2.4 What is Data?

There are so many data being generated everyday. Take me for example, I’ve sent 5 emails today, reviewed and created trading strategy for next week, check my reddit, stocktwits, webull, and twitter for sentiment analysis, shared several photos to my family, check-out my Tesla app to monitor Solar Panel and battery, and reviewed my nest video monitoring. These are all completed in early morning routine.

Data is coming from many forms your typical emails, social media, internet of things like Tesla solar panels/Powerwall connected to the internet and google’s home monitoring Nest. All of these data are a combination of numerical, categorical, and it some cases are often big which falls under binary large objects or “BLOB”.

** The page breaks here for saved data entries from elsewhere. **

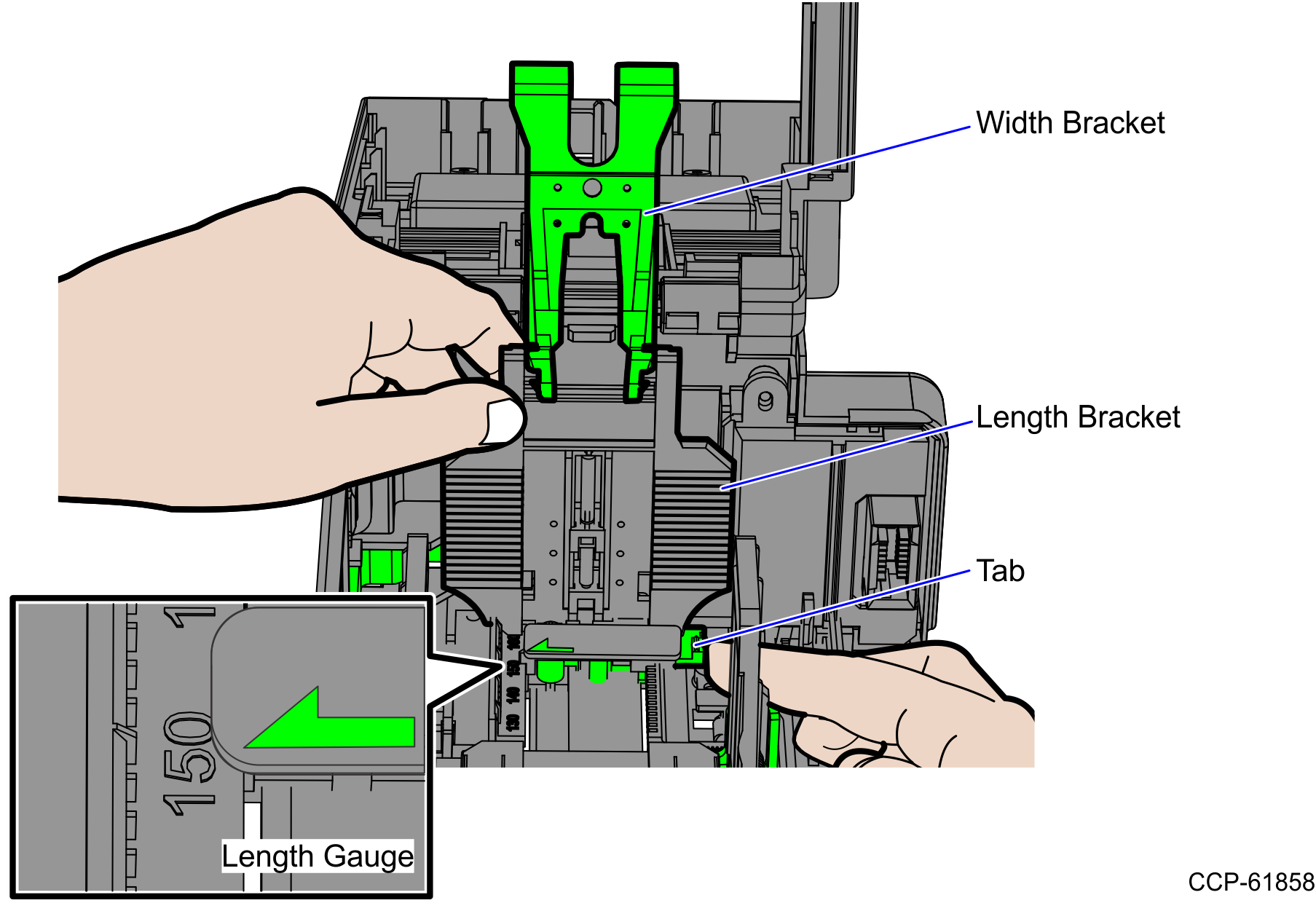 - Push the green tab on the right side of the length bracket and slide the bracket so that the pointer aligns with the length setting value for the corresponding note denomination.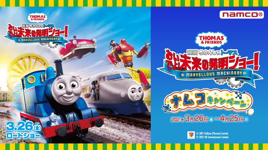 namcoの『映画 きかんしゃトーマス おいでよ!未来の発明ショー!』公開記念キャンペーンは、2021年3月26日(金)から4月25日(日)までの開催です。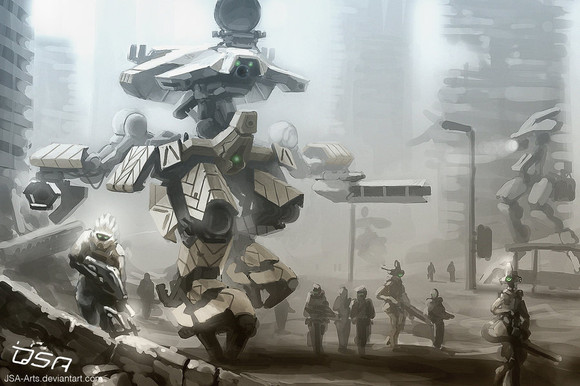 Imagine having to wait in traffic while the mechs tromp by.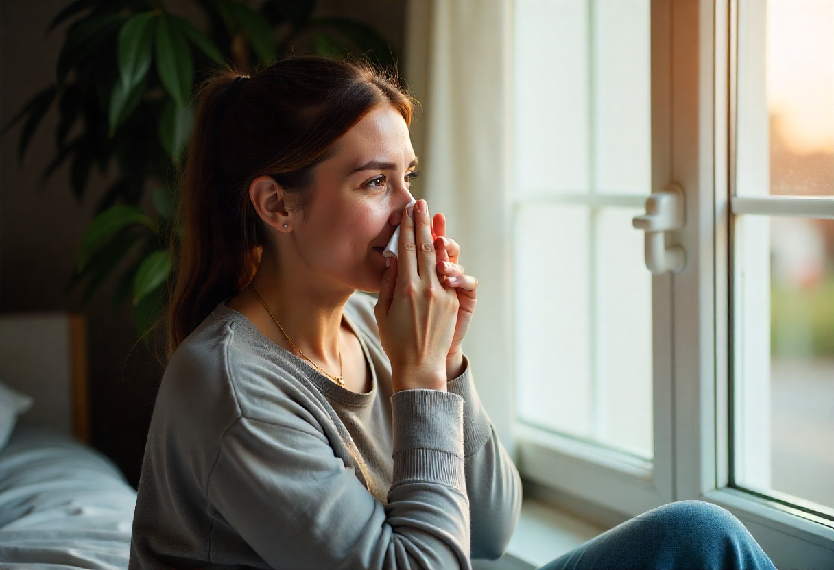 Adult experiencing mild sinus congestion at home during sinusitis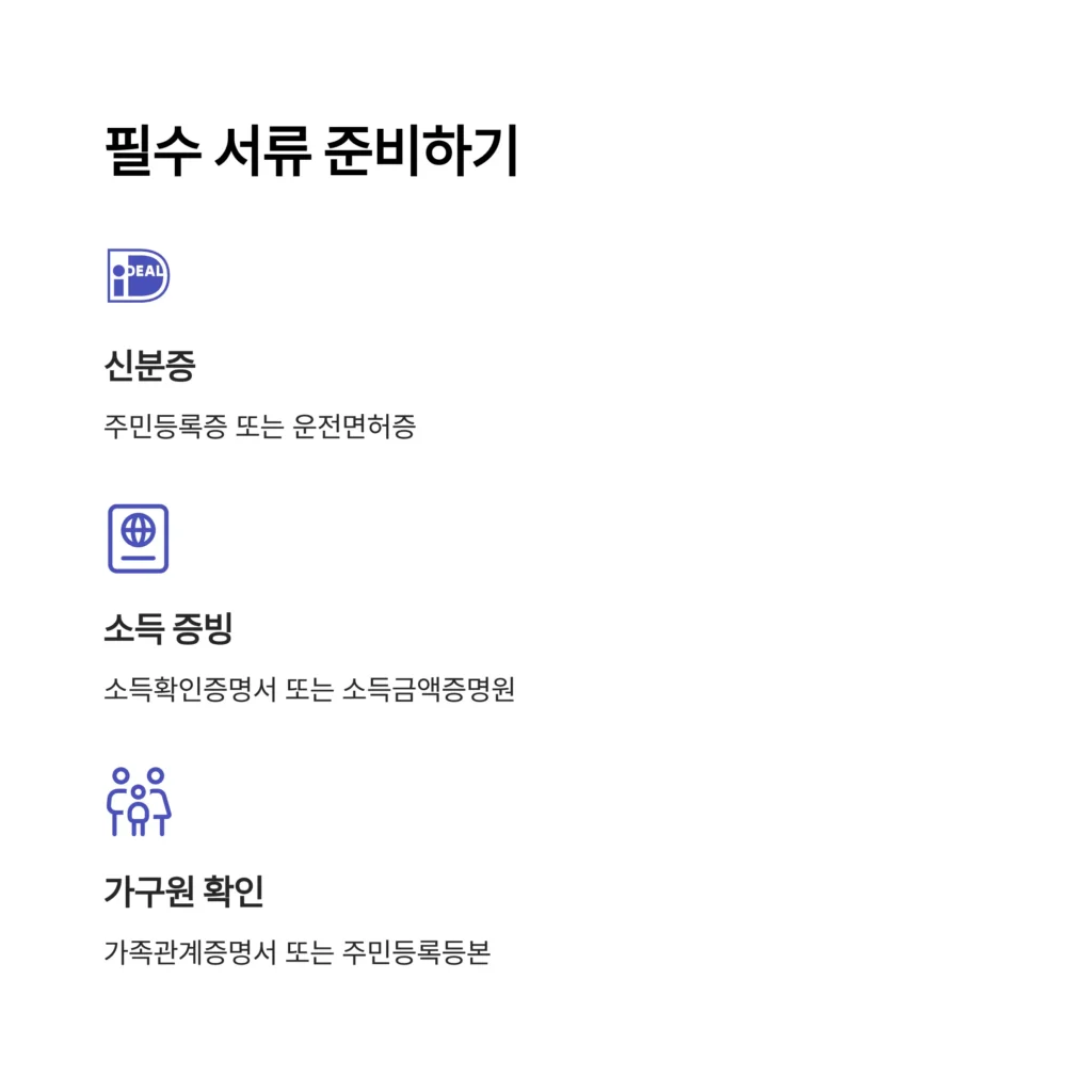 | 필요 서류 | 신분증 | 신분증 + 소득확인증명서, 가족관계증명서 등 |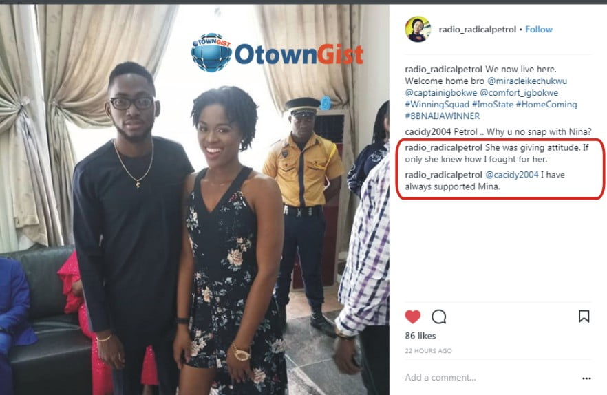 Zanders FM Owerri presenter Petrolina, who was a ‘Nina Warrior’ during the just concluded BBNaija 2018 has revealed that she opted for Miracle rather Nina who was giving attitude when it was time to take pictures.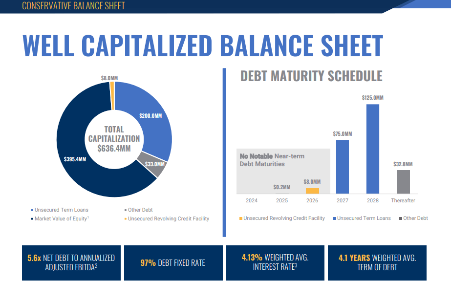 Plus, 97% of its debt is fixed rate with a weighted average interest rate of 4.13% and a weighted average term to maturity of 4.1 years.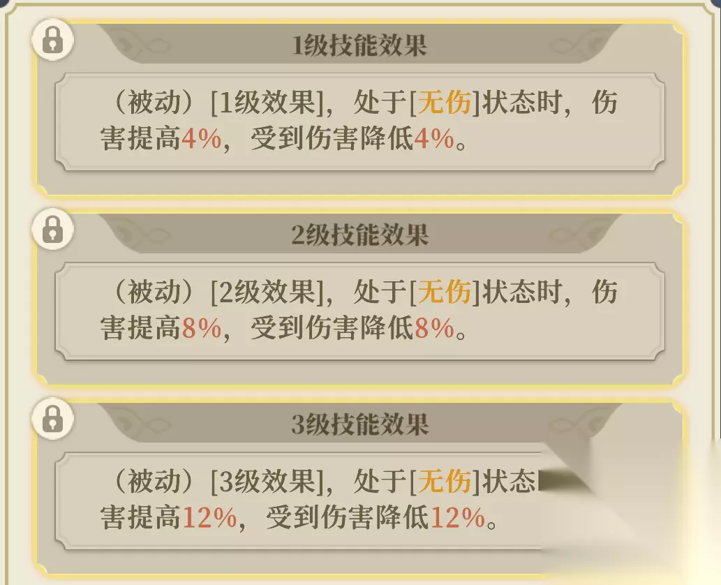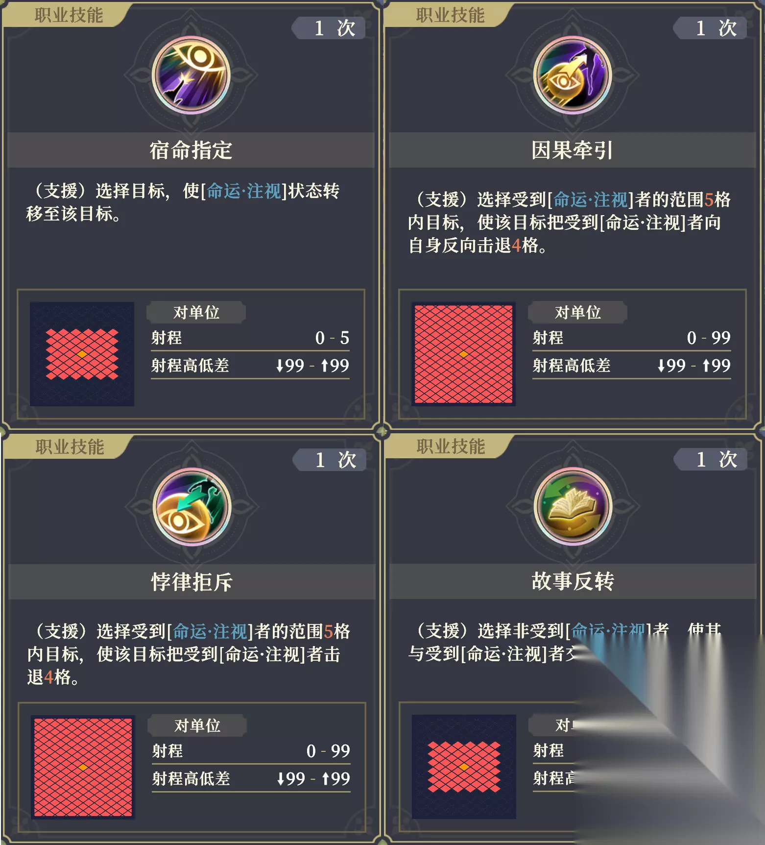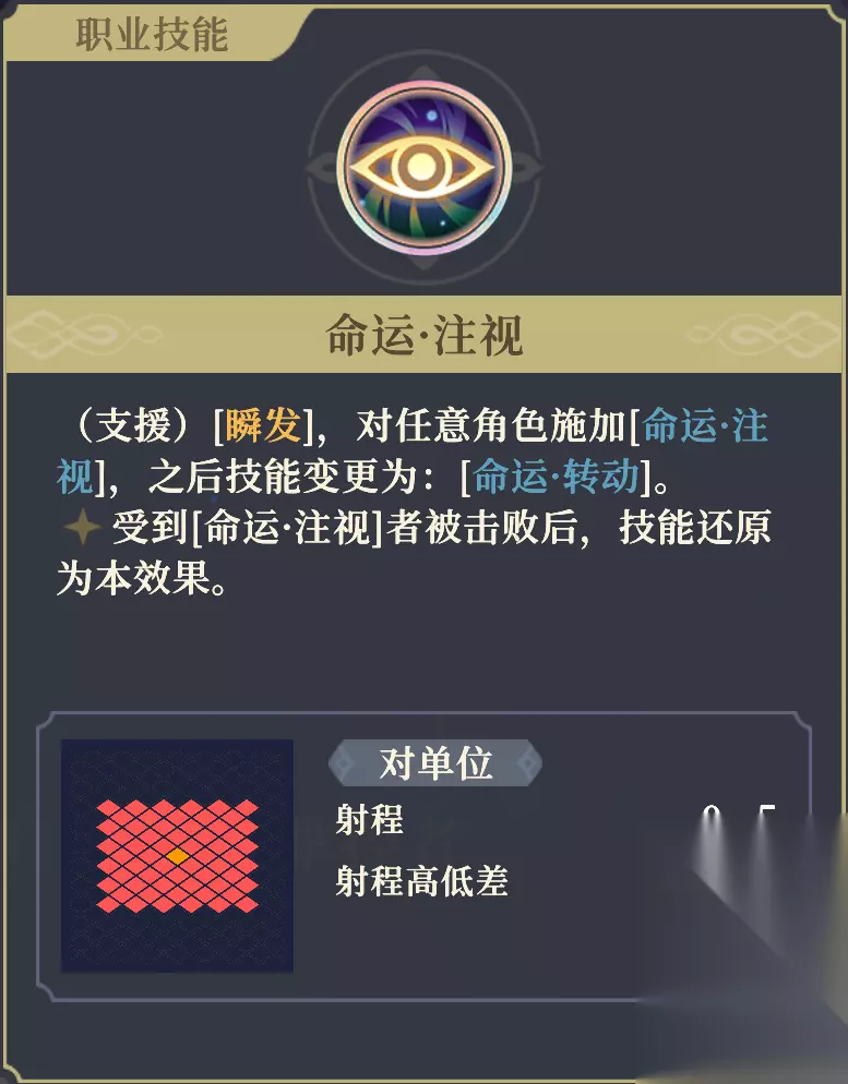 【▲伤害3】增益 增益,造成伤害提高30%。 【▲攻击2】增益 增益,物攻、魔攻提高20%。 【▲最大射程1】增益 非近战技能最大射程增加1格。 【稳固】增益 免疫来自敌方的击退。 非常强力的被动,携带后能大幅提高沙娜姿的输出。 携带该被动时,对友军造成的伤害降低至1点,包括但不限于魔法伤害、穿透伤害、 碰撞伤害 。 【▲最大射程1】的效果仅对主动技能生效。另外,诸如卡丽丝的“诸罪并罚”、SP萨曼莎的“审判诸罪之光”等不涉及自身位移的 指向性技能 ,都不受到射程影响;法卡尔的“守护铃兰之剑”等一部分 警戒技能 ,会受到射程影响。 1阶右:命运注视 防御+3%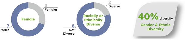 Diverse board, with three female directors and two directors who are racially or ethnically diverse |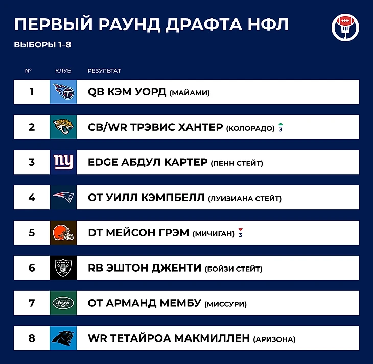 Обмен за Трэвисом Хантером, дичь от «Атланты» и выбор не того квотербека. Что происходило в первом раунде драфта НФЛ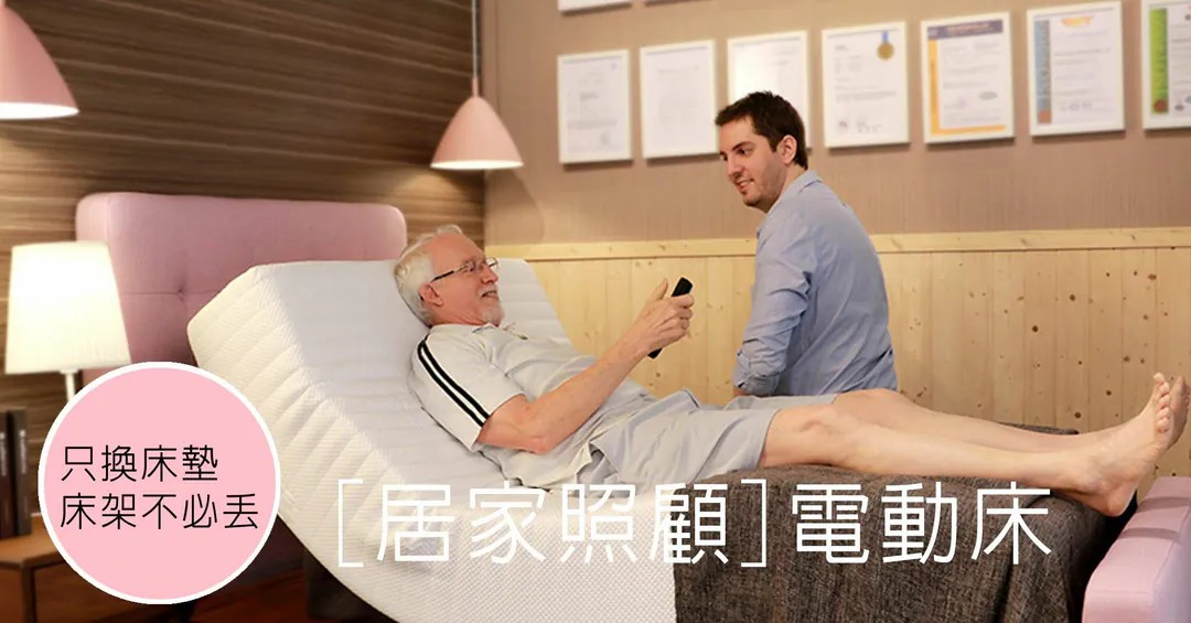 來自德國,古洛奇電動床,床墊式電動床,外觀大小尺寸和一般床墊一樣,採用電動遙控,背板從0°到85°,腿部從0°到50°,自由調整角度。古洛奇領先業界的獨家專利:主動5段關節,唯一「背板有弧度」電動床。2025年再次升級「起身鍵」,一鍵三動作,舒適安全第一首選。居家照顧取代醫療床、醫院床、病床、照顧床、智慧床、老人床。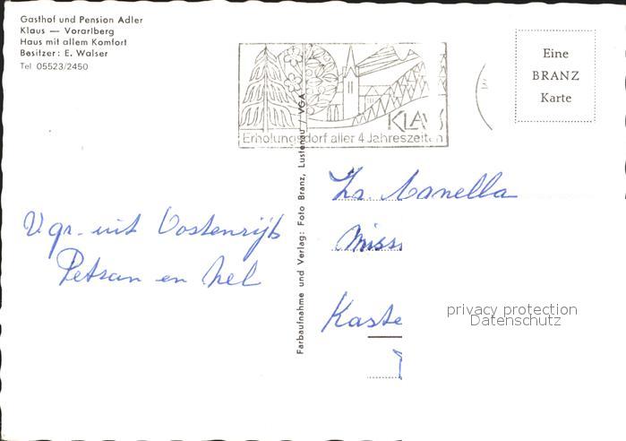 72270785 alte Postkarte Klaus Vorarlberg Gasthof Pension Adler Kirche postalisch gelaufen Erhaltung siehe scans KatCode: 11390342080409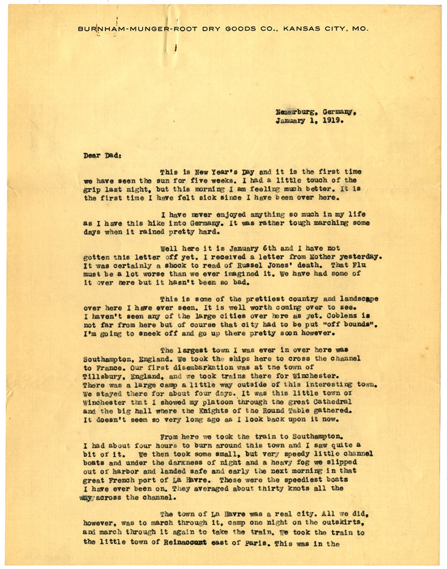 Neuerberg, Germany, January 1, 1919. Dear Dad: This is New Year’s Day and it is the first time we have seen the sun for five weeks. I had a little touch of the grip last night, but this morning I am feeling much better. It is the first time I have felt sick since I have been over here. I have never enjoyed anything so much in my life as I have this hike into Germany. It was rather tough marching some days when it rained pretty hard. Well here it is January 6th and I have not gotten this letter off yet. I received a letter from Mother yesterday. It was certainly a shock to read of Russel Jones’ death. That Flu must be a lot worse than we ever imagined it. We have had some of it over here but it hasn’t been so bad. This is some of the prettiest country and landscape over here I have ever seen. It is well worth coming over to see. I haven’t seen any of the large cities over here as yet. Coblenz is not far from here but of course that city had to be put “off bounds”. I’m going to sneek off and go up there pretty soon however. The largest town I was ever in over here was Southampton, England. We took the ships here to cross the channel to France. Our first disembarkation was at the town of Tillsbury, England, and we took trains there for Winchester. There was a large camp a little way outside of this interesting town. We stayed there for about four days. It was this little town of Winchester that I showed my platoon through the great Cathedral and the big hall where the Knights of the Round Table gathered. It doesn’t seem so very long ago as I look back upon it now. From here we took the train to Southampton. I had about four hours to burn around this town and I saw quite a bit of it. We then took some small, but very speedy little channel boats and under the darkness of night and a heavy fog we slipped out of harbor and landed safe and early the next morning in that great French port of La Havre. These were the speediest boats I have ever been on. They averaged about thirty knots all the way across the channel. The town of La Havre was a real city. All we did, however, was to march through it, camp one night on the outskirts, and march through it again to take the train. We took the train to the little town of Reinacourt east of Paris. This was in the

# ggplot argument x0, y0, r are all required,
v2 <- ggplot(VennDS, aes(
  x0 = x,
  y0 = y,
  r = 1.5,
  fill = cat
)) + geom_circle(alpha = 0.25,
                 size = 1,
                 color = "transparent",
                 show.legend = FALSE) + 
# using geom_text to draw on the graph
  geom_text(aes(x = -1.5, 
                y = 1, 
                label = "Volume"), 
            size = 5) +       
  geom_text(aes(x = 1.5, 
                y = 1, 
                label = "Velocity"), 
            size = 5) +
  geom_text(aes(x = 0, 
                y = -1, 
                label = "Variety"), 
            size = 5) +
  geom_text(aes(x = 0, 
                y = .75, 
                label = "Big Data"), 
            size = 5) + 
# remove x and y labels
  theme(axis.title.x=element_blank(),
        axis.text.x=element_blank(),
        axis.ticks.x=element_blank(),
        axis.title.y=element_blank(),
        axis.text.y=element_blank(),
        axis.ticks.y=element_blank())

v2
The **V**s of Big Data

Figure 2.8: The Vs of Big Data

The Data Science field is growing due to the massive data being generated. Figure 2.8 shows as the V’s of big data which are Volume, Variety and Velocity. Data is everywhere and we generate on average 1.7mb of data every second by every person during 2020 about 2.5 quintillion bytes are produced by humans every day. There are 4.57 billion active internet users around the world and it will continue to grow (Bulao 2020).

References

Bulao, Jacquelyn. 2020. “How Much Data Is Created Every Day in 2020.” https://techjury.net/blog/how-much-data-is-created-every-day/.